%%
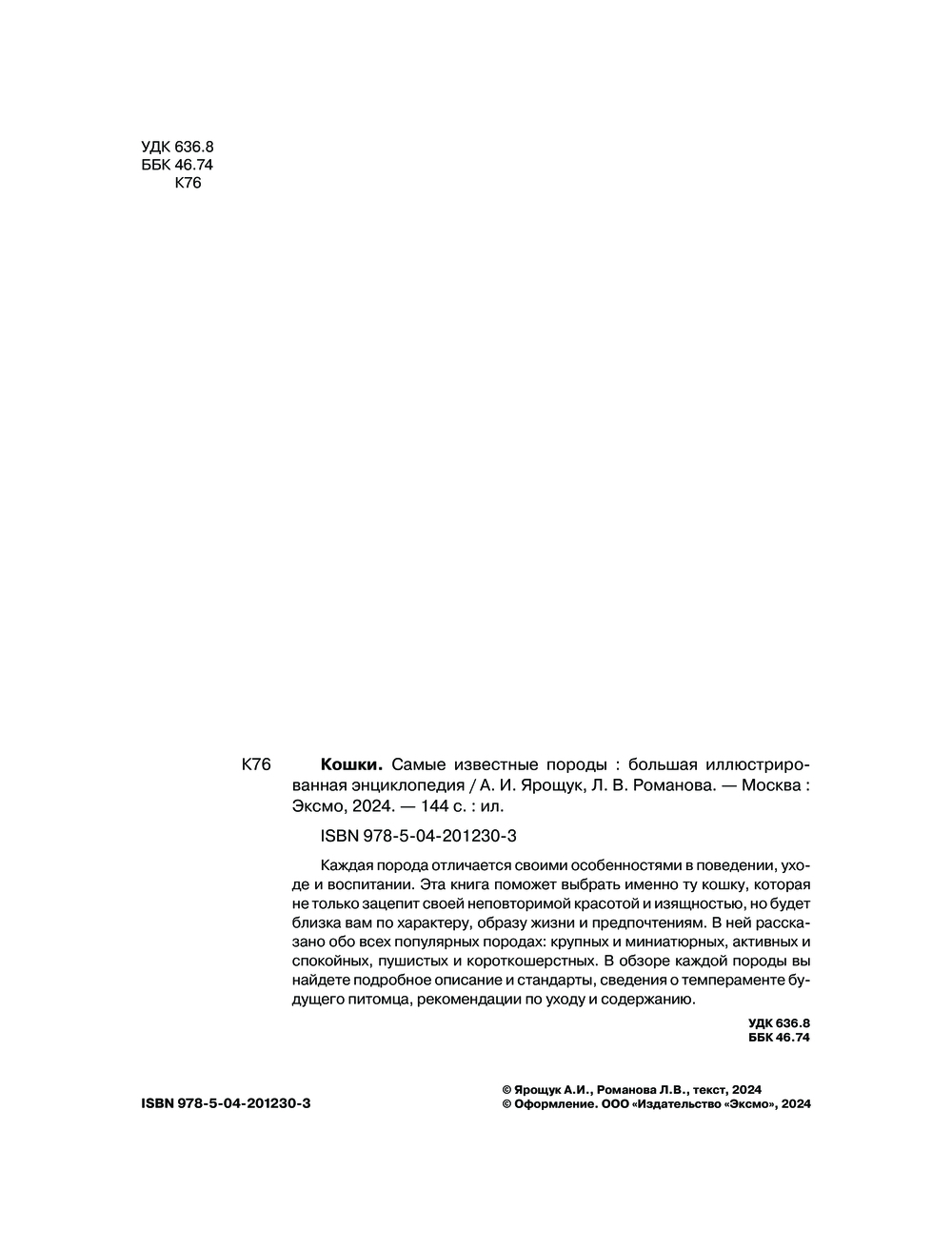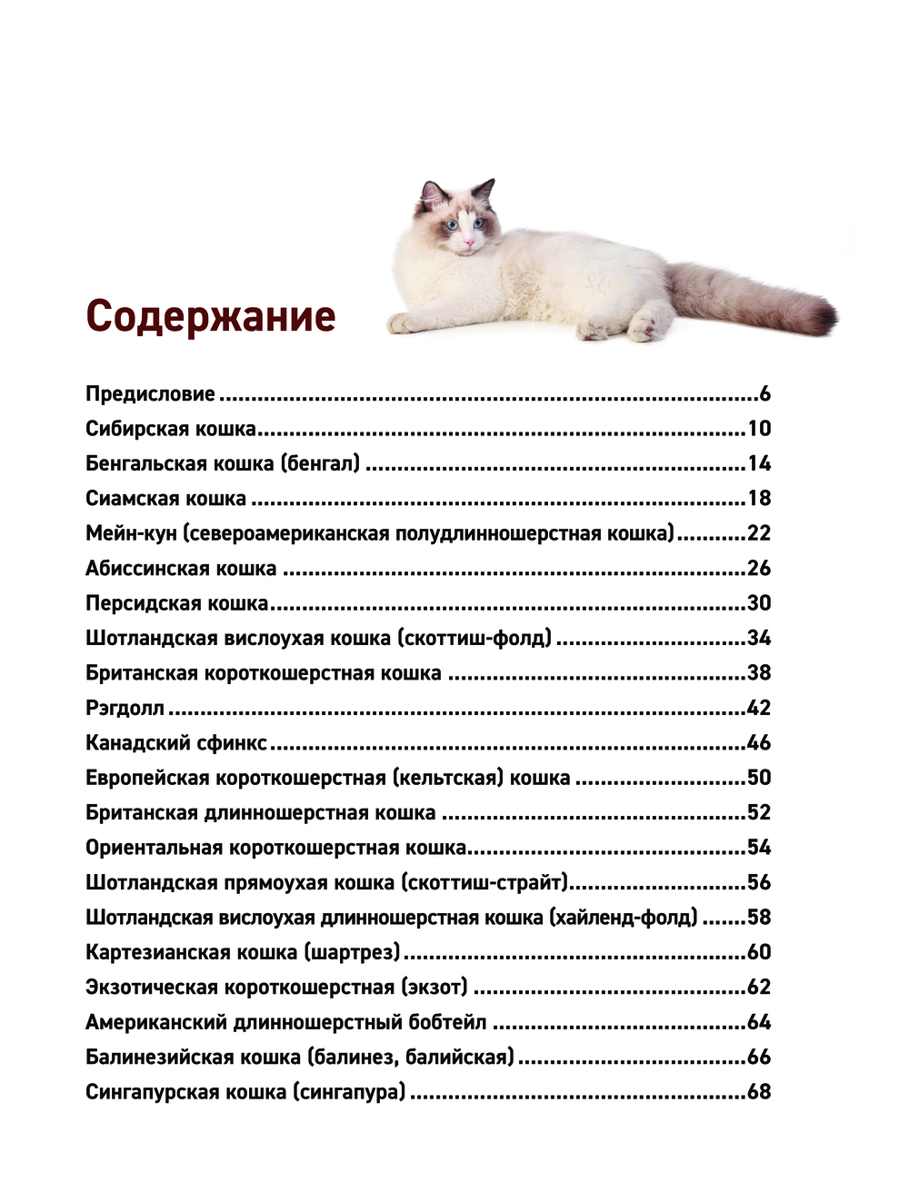 В этой энциклопедии вы найдете более 70 самых разных пород кошек: крупных и миниатюрных, активных и спокойных, мохнатых и короткошерстных, – и познакомитесь с представителями как самых популярных пород, таких как мейн-кун или шотландская вислоухая, так и редчайших, как лаперм или форин вайт.
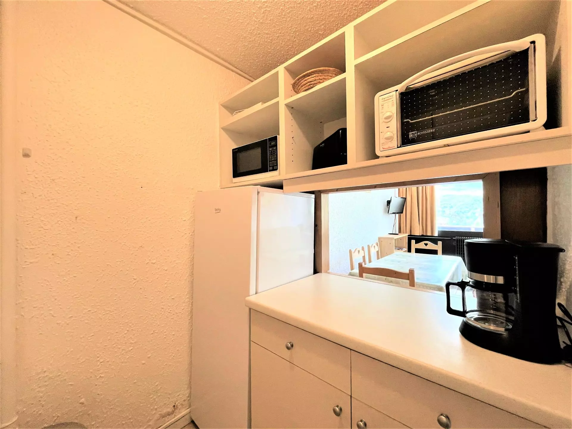 Cuisine : plaques de cuisson électriques (x2 / + 1 plaque mobile), micro-ondes, mini four, réfrigérateur (bac à glaçons 5L), lave-vaisselle, cafetière électrique, hotte, bouilloire, grille pain
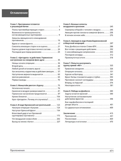 Данная книга впервые в отечественной историографии посвящена всему комплексу воздушных сражений, развернувшихся в июле – августе 1943 г. на центральных участках советско-германского фронта. Их важнейшим эпизодом стала Курская битва, куда входят оборонительная операция Центрального и Воронежского фронтов, после начала немцами стратегической операции по плану «Цитадель», и последующие наступательные операции Красной армии к северу и югу от так называемой Курской дуги. Как известно, несмотря на мощный удар, предпринятый 5 июля силами групп армий «Центр» и «Юг», поддержанных эскадрами 6-го и 4-го воздушных флотов, проломить оборону и окружить советские войска немцы не смогли. При этом с первых часов развернулись жестокие и кровопролитные бои не только на земле, но и в воздухе. Затем, когда врага удалось обескровить и остановить, развернулось контрнаступление советских войск по планам «Кутузов», в которое перешли 12 июля 1943 г. войска Западного, Брянского и Центрального фронтов, и «Полководец Румянцев», в котором участвовали войска Степного и Воронежского фронтов с 3 августа 1943 г. В книге рассматривается ход борьбы в каждой из отдельных операций, делаются выводы о том, почему летом 1943 г. люфтваффе не смогли оказать решающего влияния на ход и исход сражения на земле (в отличие от 1941 и 1942 гг.). Данная работа снабжена многочисленными фотографиями, таблицами и схемами. Она, несомненно, будет интересна широкому кругу читателей, особенно молодежи.
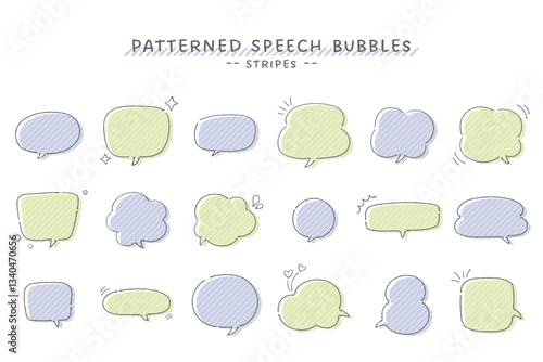 手描きのかわいい吹き出しセット。ペンで描いたラインとストライプ模様の塗り。
%%
» **Prompt**
Extract, word for word, each line from the top of the data down to and including the line with "Cuisine : plaques"; skip the pictures.

» **Solution for this task**
 В этой энциклопедии вы найдете более 70 самых разных пород кошек: крупных и миниатюрных, активных и спокойных, мохнатых и короткошерстных, – и познакомитесь с представителями как самых популярных пород, таких как мейн-кун или шотландская вислоухая, так и редчайших, как лаперм или форин вайт.
 Cuisine : plaques de cuisson électriques (x2 / + 1 plaque mobile), micro-ondes, mini four, réfrigérateur (bac à glaçons 5L), lave-vaisselle, cafetière électrique, hotte, bouilloire, grille pain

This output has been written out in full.